Linda Vanderkolk' uses hundreds of white tea cups to create her Installation Nation piece "T-Party." - COURTESY THE INDIANAPOLIS ART CENTER
  • Courtesy the Indianapolis Art Center
  • Linda Vanderkolk' uses hundreds of white tea cups to create her Installation Nation piece "T-Party."

For some background information on installation art in Indy, my earliest encounter with it dates back to Mass Ave in the late 1990s and an event called Installation Fest. Shawn Miller, of then 4 Star Gallery, invited area artists to create temporary outdoor installation works along the avenue. I specifically remember a piece Greg Hull constructed of several hundred hay bales that made quite an impression on me. Shawn continued IF as an annual event for the next four years; it then came to an end. In the Spring of 2000, Primary Colours would dust off the model, and add its own twist of providing shipping containers for artists to use as they wish to present their works.

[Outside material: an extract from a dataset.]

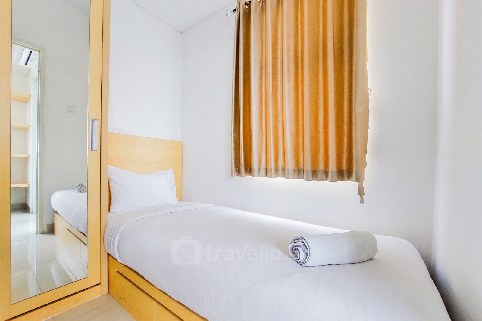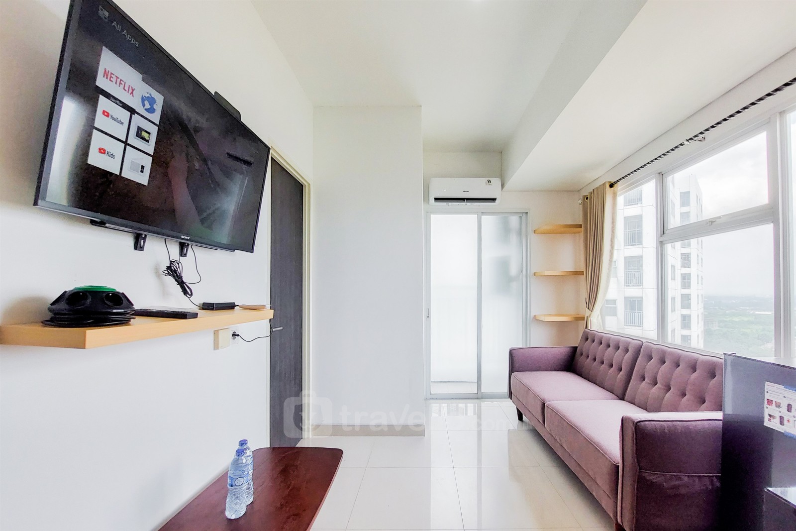 Introducing Nice and Cozy Living 2BR Serpong Garden Apartment By Travelio. This delightful unit offers a comfortable living space spanning 36 sqm, comprising two bedrooms and one bathroom. Strategic situated at Jl. Raya Cisauk Lapan Jl. Kp. Cibelut, Cibogo, Cisauk, Kab Tangerang, Banten, 15341, this apartment provides easy access to various amenities and attractions.

To gain some perspective on this year's show, I spoke with Jeff Martin, former Primary Colours board member and the driving force behind the first Installation Nation event. (Martin is also a participant in this year's event at the Art Center). I asked Jeff about why this event initially came about and the changes the event has been through - particularly the decision not to use shipping containers this year. "Prior to the first event, the opportunities locally to do installation art pieces were few and far between. Through Primary Colours, I saw an occasion to create an event that would cater to artists that do this type of work, and at the same time, fill a void in the local art scene."  Martin added, "With this year's partnership with the Art Center and their facilities, I think the organizers saw a chance to move away from the shipping containers and use the grounds as the backdrop for the work." He continued, "Working outdoors, compared to the interior of a shipping container, is a complete contrast. With the containers, you can control the environment: light, sound, weather and how people move through the space. An outdoor installation is a completely different animal - you have to create a piece with that in mind."

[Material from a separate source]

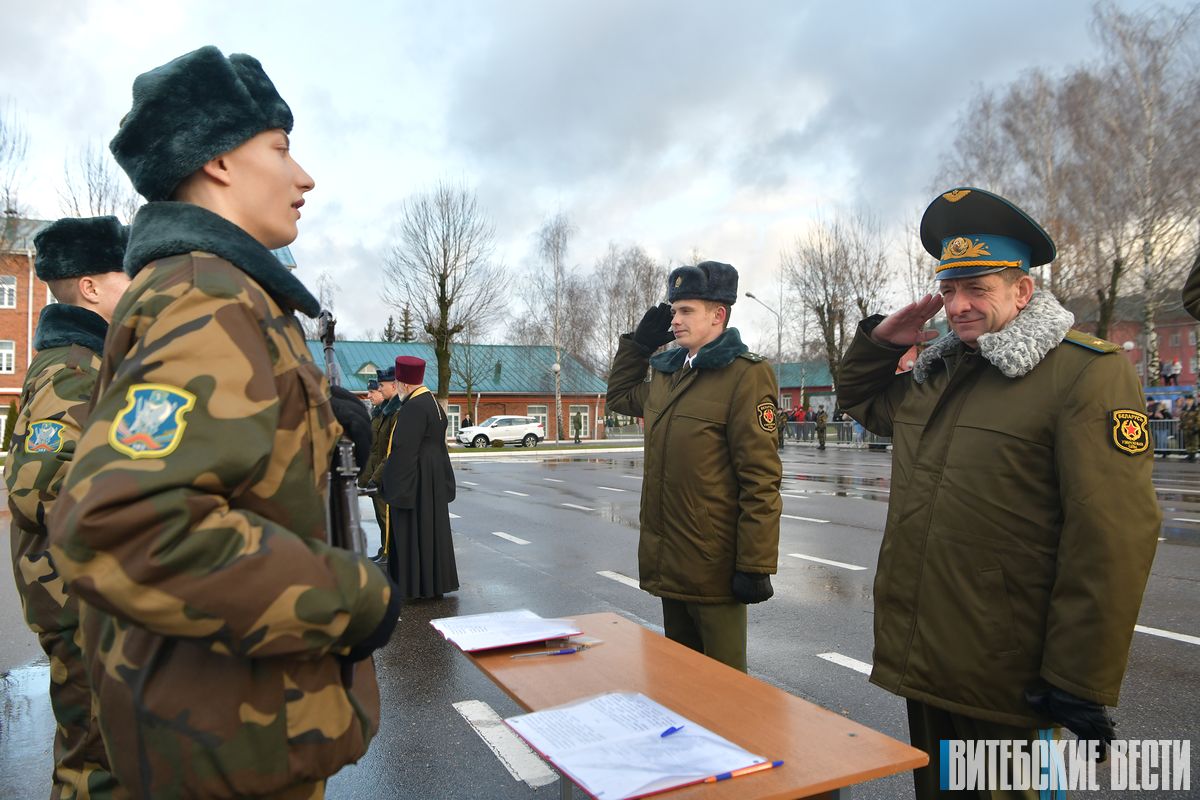 — Этот ритуал существует с давних времен и является посвящением благородной и уважаемой профессии защитника Отечества. Он символизирует то, что белорусский народ доверяет вам самое дорогое — свою безопасность, — обратился к бойцам Вадим Денисенко. — Вас ждет усиленная боевая подготовка, освоение специальности военного учета и оружия, участие в учениях и боевых стрельбах. А государство, со своей стороны, позаботилось о том, чтобы вы имели достойные условия для жизни, учебы и отдыха в армии.

Cassie Kobets and Justin Trapp's piece, "Subsidized Succulents," placed additional plant life in the Indianapolis Art Center's ArtsPark. - COURTESY THE INDIANAPOLIS ART CENTER
  • Courtesy the Indianapolis Art Center
  • Cassie Kobets and Justin Trapp's piece, "Subsidized Succulents," placed additional plant life in the Indianapolis Art Center's ArtsPark.

As Nancy and I walked from one installation to the next, the materials and applications were as varied as the concepts behind the work. One piece titled, The Drake Paradox dealt with one's belief in extraterrestrial life. Another titled, Yaw, Pitch and Roll portrayed microscopic parallels between the human body and nature, Jeff Martin's piece, Barreladons, utilized discarded fuel tanks to create a series of Dali-esque spindle-legged striding creatures.

Given Martin's experience as a former gallery owner, I asked him to compare the audience's reaction to the installations with that of a gallery setting. "The installation setting is much less formal, and I think the work is more accessible. For many, art galleries can be intimidating, expectations are different. We had an art crowd, but then we had families and people walking in off the Monon Trail -- I think the diverse crowd helped mix it up."

Nancy and I enjoyed the experience. Overall, we thought the quality and presentation of work was very high, and walking the grounds of the Art Center while looking at art was a great way to spend a Friday evening. Martin mentioned that two of the installations came from out of state, a first for the event. It will be interesting to see what changes, if any, Primary Colours has in store for next year. With the success of this event and Primary Colours' track record, we're looking forward to it.